PDF Alchemist supports two modes for the "–purpose" option in the command-line interface:
indexing. PDF Alchemist will not rasterize any text. This preserves text for searching and indexing workflows. But the appearance of the output might differ significantly from the appearance of the input PDF.
balanced. The product creates output targeted to general purpose workflows. In this case the need for searchable output is balanced with the need for visually correct output. Text may be rasterized when required to preserve the visual appearance and ordering of text in relation to other elements.
-reflowForms Boolean “true”   or “false” Defaults to False to emit fixed-layout HTML forms. PDF Alchemist emits PDF forms documents as fixed-layout HTML forms by default. If this parameter is set to True PDF Alchemist will instead convert PDF forms to reflowable HTML forms. This parameter is currently experimental; reflowForms may generate unwanted results for forms where the appearance of the form is a mix of PDF page elements and PDF form elements.
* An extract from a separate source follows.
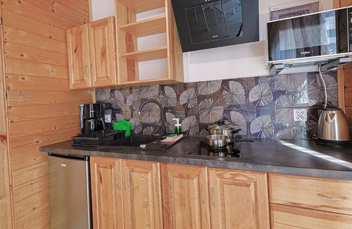 Room with kitchenette (fridge, microwave,coffee maker, sink, ceramic hob, extractor hood, kettle, set of pots, dishes and cutlery and table and chairs )
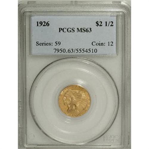 <B>1926 $2 1/2 MS63 PCGS.</B></I> PCGS Population (2376/2533). NGC Census: (3147/2821). Mintage: 446,000. Numismedia Wsl. Price for NGC/PCGS coin in MS63: $740. (#7950)<BR><BR><B>Coin Engraver:</B> Bela Lyon Pratt<BR><BR><b>Shipping:</b> Coins & Currency (<a target="_blank" href="http://www.heritageauctions.com/common/shipping.php">view shipping information</a>\)

-removeHyphen Boolean “true”   or “false” False. Do not remove trailing hyphens. By default PDF Alchemist leaves in place hyphens that end lines in the PDF document. These hyphens are commonly used to divide words at syllables but can also be used for phrases. Set the option “-removeHyphen” to True if you want the product to remove these hyphens in the output file.
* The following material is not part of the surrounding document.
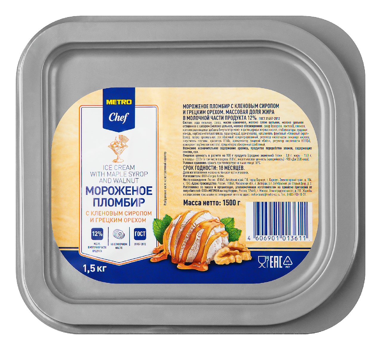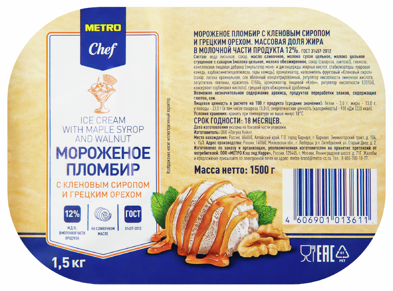 Мороженое пломбир METRO Chef с кленовым сиропом и грецким орехом сделан из настоящего сливочного масла, сгущенного молока с добавлением сиропа и обжаренного грецкого ореха. Произведено строго по ГОСТ.

Note that this algorithm does not interpret the text involved. It simply removes hyphens wherever they appear. Therefore enabling this option will cause hyphenated phrases that span lines to be combined.
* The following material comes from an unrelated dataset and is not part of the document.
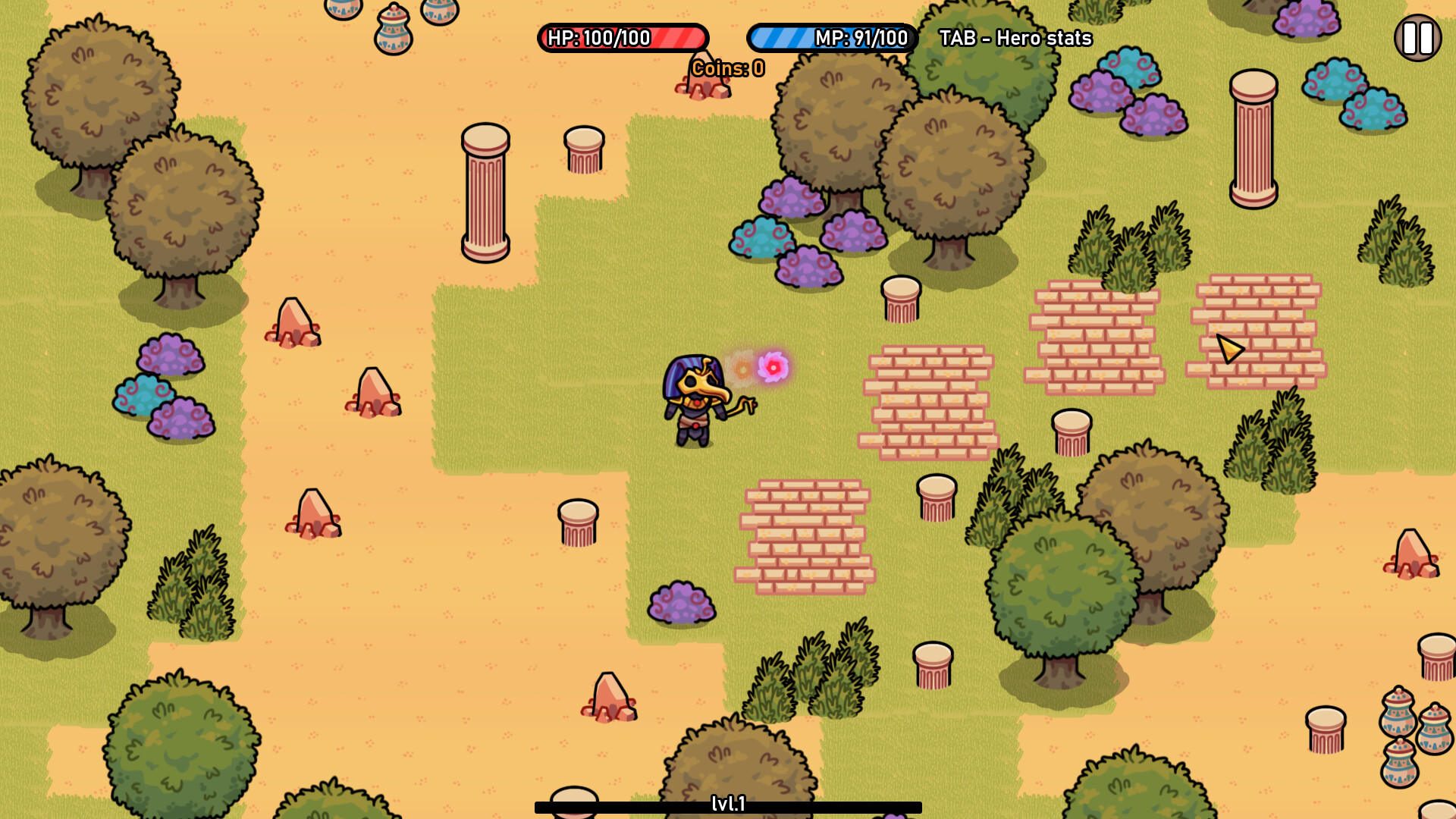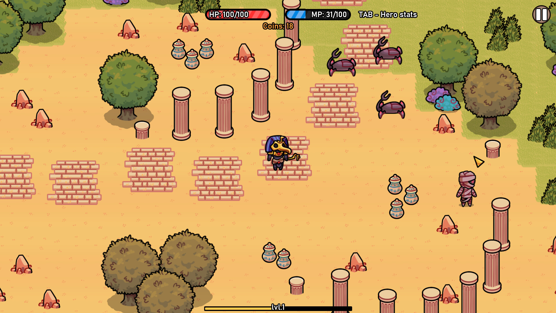 [h1] Воронтюра [/h1] [i] (ну тип в оригинале игра слов Raven и Adventure) [/i] Сужет - мы Египетский воин, облачённый в какой-то "кастет-секрет-кестюм", с таким шнобелем допустим назовём его "Ворон". Правда Пончика, Буратино и Юры с ним нету, хотя он сам как Семецкий респается... Ну да чёто я опять не в ту степь улетел, а все дороги ведут в Тайгу... Тьфу! Короче наш воин отправился на поиски волшебного артефакта, легендарного Исполнителя Желаний, не, не камня Монолита, а золотого Скарабея, который тут даже не распополамлен, как в "Аладдине", а аж четвертован бедолага. Что мы там хотим загадать - и так ясно: чтоб больше урожаи были, маяк стоял и лодки плыли. И собственно ради всего хорошего пускаемся мы в эту авантюру с маги-мечом... тьфу! С посохом каким-то вернее магией лупящим супротив всякой мерзости мифической. Геймплей: В нашем путешествии по этой всей местности нам противостоят какие-то крабы, мумии и прочая гадость, так же на местности есть горшки с финансами, которые тут называют "монетами", хотя это вроде алмазы. Из врагов тоже они выпадают. От врагов можно убежать на другую локацию, при этом они не респаются, но возвращаются в исходную точку и регенят ХП, а бегут часто несколько сразу, если их стриггерить. У нас есть посох, которым мы стреляем по врагам магией, но мана долго восстанавливается, а закончившись, с нуля восстанавливается быстро, но пока не заполнится на 100%, мы не можем стрелять вообще. Крабы нас только щиплют, а мумии на некоторой дистанции лупят своей магией, и лупят сильно. Помогает нам только какой-то пребывающий в медитации восточный мудрец, сидящий в разнымх местах , но естественно не задаром: исцеление на полную стоит 50 монет. Ещё есть так называемые очки про... пре... прампампо, короче кача навыков, дают нам возможность повысить себе максимум ХП, максимум маны и урон. Очки эти либо так - одно дают за каждый уровень прокачки, столбик коего заполняется при убийстве врагов, либо покупается у Мудреца за 200 монет. В общем, довольно динамичная, но всё равно релаксовая убегалка-отстреливалка. Тысяча мумий из 10

-singleFile Boolean “true”   or “false” False. Emit separate   files for HTML and     CSS information. By default PDF Alchemist outputs separate HTML and CSS files. If  set to "True" the PDF to HTML conversion will instead generate a single HTML file with the CSS style information included within that HTML file. Fonts and images will still be emitted as separate files in their respective fonts and images folders.
-splitByBookmarkDepth Positive integer For HTML defaults to 0 do not split output PDF Alchemist will generate output content in one section that contains all of the generated output.
For EPUB defaults to 1 split output on highest level bookmarks But you can direct the product to generate output in sections based on the bookmarks (table of contents entries) found in the source PDF document. The number you enter for this setting will determine the levels of the sections to use. If you enter "1" the output file will break the content into sections based on the first level of the table of contents (Heading 1 for example). If you enter "2" the output file will break into two sections (Heading 1 and Heading 2). Enter "3" for three sections levels (Heading 1 Heading 2 and Heading 3).
-splitByEveryNumberofPages Positive integer Defaults to 0 do not split output PDF Alchemist will generate output content in one section that contains all of the generated output. Enter a number for this value if you want to split the content into sections based on the page breaks found in the original PDF input document. For example you could enter "3" and PDF Alchemist would take three pages from the PDF input file and put them into a single output file. Then it will take the next three pages from the input PDF document and place them into a second HTML output file. The product would continue to create new sections for the output content (output HTML files) until all of the content in the input PDF document is converted.